In past years, fog has closed the channel for days at a time, and closing for an oil spill will have the same effect, said Greg Bram, senior vice president of supply chain for Valero.

Refiners can use more domestic crude from pipelines when shipments are delayed, Bram said. Valero has two refineries on the channel, in Texas City and Houston, with combined capacity of more than 300,000 barrels a day.

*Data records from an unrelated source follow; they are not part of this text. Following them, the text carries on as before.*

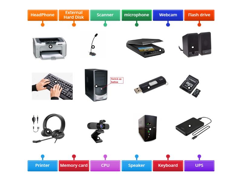 Printer, Keyboard, HeadPhone, microphone, CPU, Webcam, Scanner, Flash drive, UPS, Speaker, Memory card, External Hard Disk.
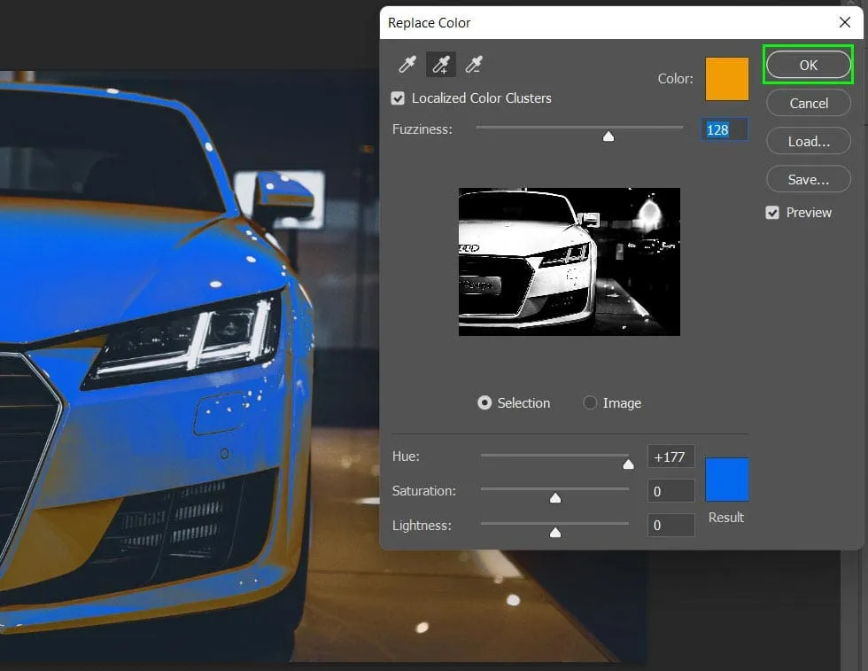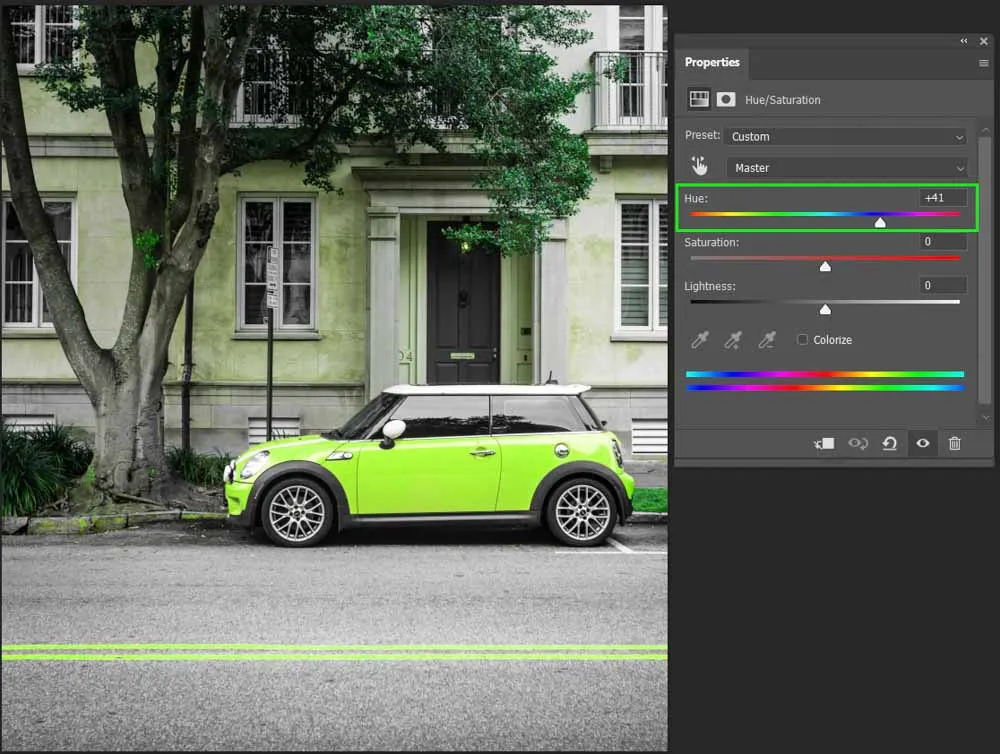در مثال ما، از آنجایی که رنگ نواحی اطراف ماشین هم دستخوشش تغییر شده، شما میتوانید با استفاده از همان ویژگی Layer Mask، رنگها بخشهای اضافی و یا ناخواسته را پاک کنید. ولی یادتان باشد، در این روش دیگر احتیاجی به ایجاد یک Layer Mask نیست. چراکه Adjustment Layer به صورت خودکار خودش یک ماسک دارد و از همان میتوان استفاده کرد. این موضوع را در بخش بعدی توضیح میدهیم.
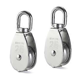2pcs 25mm single pulley block in 304 stainless steel m25 pulley roller loading 400kg - silver
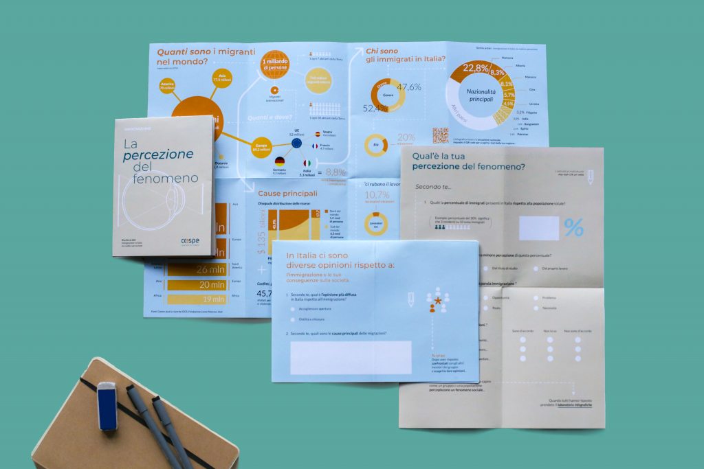 La campagna Occhio ai dati, Immigrazione in Italia tra realtà e percezione, persegue questi obiettivi portando una selezione di dati attendibili nelle scuole, per fornire agli studenti e alla comunità educante, un grado oggettivo di conoscenze rispetto a un fenomeno sociale divisivo e polarizzante. Nello specifico il progetto tratta il tema del divario tra realtà e percezione, integrando a questo macro-tema altri collegamenti di approfondimento. La campagna è stata sviluppata tramite gli strumenti del graphic e del service design, andando a progettare la struttura di un incontro laboratoriale e gli elaborati grafici necessari per la sua attuazione. La comunicazione perseguita dalla campagna è resa possibile dall’interazione con gli studenti, il cui coinvolgimento avviene tramite fasi di dibattito, scoperta della realtà, generazione e visualizzazione di dati. Le varie attività dell’incontro seguono le fasi di apertura di due mappe tematiche, e alternano modalità di interazione individuali, di gruppo e di classe.
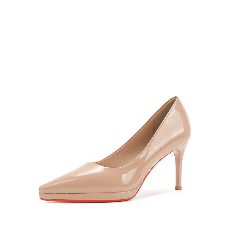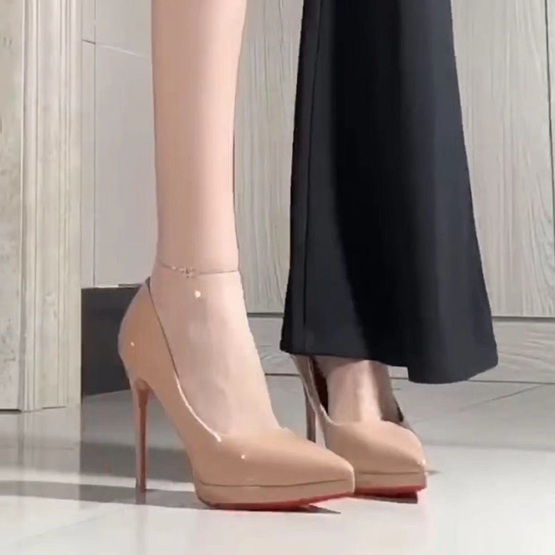 性感职业单鞋 裸色高跟鞋 尖头防水台红底鞋 新款 女细跟2026年春夏季
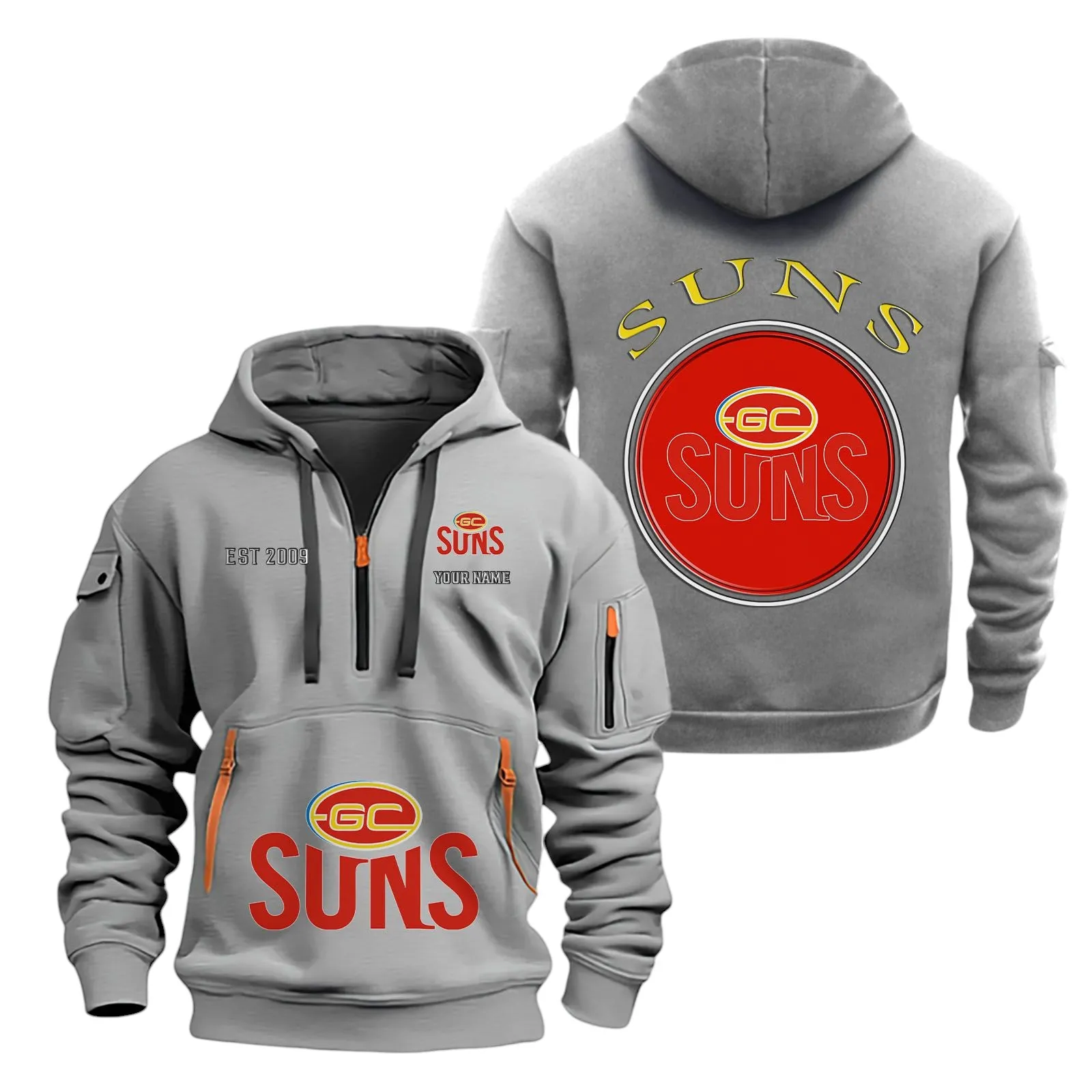Gold Coast Suns Fans Gift Hoodie Half Zipper, All Over Print Hoodie Half Zipper For Sport Fan AFL153071525140 – Grey

The spill occurred when a barge being towed by the vessel Miss Susan was struck by the 585-foot bulk carrier Summer Wind, causing one of the barge’s six tanks to leak fuel oil, the Coast Guard said. The collision occurred at 12:35 p.m. The fuel from the remaining five tanks has been transferred, and the vessel will be moved to a local shipyard, the Coast Guard said.

Workers have refloated the barge, whose tanks were carrying 22,000 barrels of ship fuel when the collision occurred near Texas City, Lt. j.g. Kristopher Kidd, a spokesman for the Coast Guard, said Monday.

There were six collisions in the channel last year, Coast Guard data show. Incidents closed the waterway for 26 hours in 2013, compared with 5.5 hours in 2012 and 157.2hours in 2011. An average day on the channel in 2013 saw 38 tankers, 22 freighters, one cruise ship, 345 tows, six public vessels, 297 ferries, 25 other transits and 75 ships in port.

The Coast Guard is also working to allow the Bolivar ferry to run between the eastern portion of Galveston Island and the Bolivar Peninsula, Danus said.

The spill may pose a risk to migratory birds who have their habitat on both shores of the channel, The Associated Press reported, citing Richard Gibbons, the conservation director of the Houston Audubon Society. Seven oiled birds have been found. Three were dead and four were transferred to a wildlife rehabilitation facility in Baytown, according to Coast Guard spokesman Danus.

The vessel was identified as Kirby Barge 27706, according to the Port of Houston Authority. Kirby Inland Marine LP, the company that owns the Miss Susan and the barge, declined to comment Monday when reached by phone.

There were more than 30 recovery craft on site Monday, up from 24 at the start of Sunday, Kidd said. Some worked through the night, aided by containment booms stretching for more than 69,000 feet, the Coast Guard said.

The estimated economic effect of closing the channel is an $330 million a day, according to the port authority.

“This is like a hurricane or a tropical storm,” said Peter Fasullo, a principal at Houston-based energy consultant EnVantage Inc. “The ship channel could be shut for several days or even a week.”

In 2013, an average of 2.15 million barrels a day of products such as gasoline and diesel fuel were exported from the Gulf Coast, and 3.76 million barrels of day of crude were imported, according to the Energy Information Administration.

Information for this article was contributed by Bradley Olson, Dan Murtaugh, Isaac Arnsdorf and Anthony DiPaola of Bloomberg News and Jessica Seaman of the Arkansas Democrat-Gazette.